Center for Human Genome Variation, Duke University, School of Medicine, Durham, North Carolina, United States of America.
PLoS Genet. 2013;9(8):e1003709. doi: 10.1371/journal.pgen.1003709. Epub 2013 Aug 22.
A central challenge in interpreting personal genomes is determining which mutations most likely influence disease. Although progress has been made in scoring the functional impact of individual mutations, the characteristics of the genes in which those mutations are found remain largely unexplored. For example, genes known to carry few common functional variants in healthy individuals may be judged more likely to cause certain kinds of disease than genes known to carry many such variants. Until now, however, it has not been possible to develop a quantitative assessment of how well genes tolerate functional genetic variation on a genome-wide scale. Here we describe an effort that uses sequence data from 6503 whole exome sequences made available by the NHLBI Exome Sequencing Project (ESP). Specifically, we develop an intolerance scoring system that assesses whether genes have relatively more or less functional genetic variation than expected based on the apparently neutral variation found in the gene. To illustrate the utility of this intolerance score, we show that genes responsible for Mendelian diseases are significantly more intolerant to functional genetic variation than genes that do not cause any known disease, but with striking variation in intolerance among genes causing different classes of genetic disease. We conclude by showing that use of an intolerance ranking system can aid in interpreting personal genomes and identifying pathogenic mutations.

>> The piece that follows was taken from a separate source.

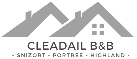 The name of the Guest House, Cleadail, is also the name of the main settlement on the Isle of Eigg. It is from the Gaelic for “Cliff Valley”. Nestled below Beinn a’ Chearcaill and looking out over Lock Snizort and beyond to the Outer Hebrides, we thought it perfectly describes the location of the Guest House.

解读个人基因组的一个核心挑战是确定哪些突变最有可能影响疾病。尽管在评估单个突变的功能影响方面已经取得了进展,但那些突变所在基因的特征在很大程度上仍未得到探索。例如,在健康个体中已知携带少数常见功能变体的基因可能被判断为比已知携带许多此类变体的基因更有可能导致某些类型的疾病。然而,到目前为止,还不可能在全基因组范围内对基因耐受功能遗传变异的程度进行定量评估。在这里,我们描述了一项利用 NHLBI 外显子组测序计划 (ESP) 提供的 6503 个全外显子序列的序列数据的努力。具体来说,我们开发了一种不耐受评分系统,该系统评估基因的功能遗传变异是否比基于基因中发现的明显中性变异所预期的更多或更少。为了说明这种不耐受评分的实用性,我们表明,导致孟德尔疾病的基因比不引起任何已知疾病的基因对功能遗传变异的耐受性明显更高,但导致不同类型遗传疾病的基因之间的不耐受性存在显著差异。最后,我们通过展示使用不耐受性排序系统可以帮助解释个人基因组并识别致病性突变来结束讨论。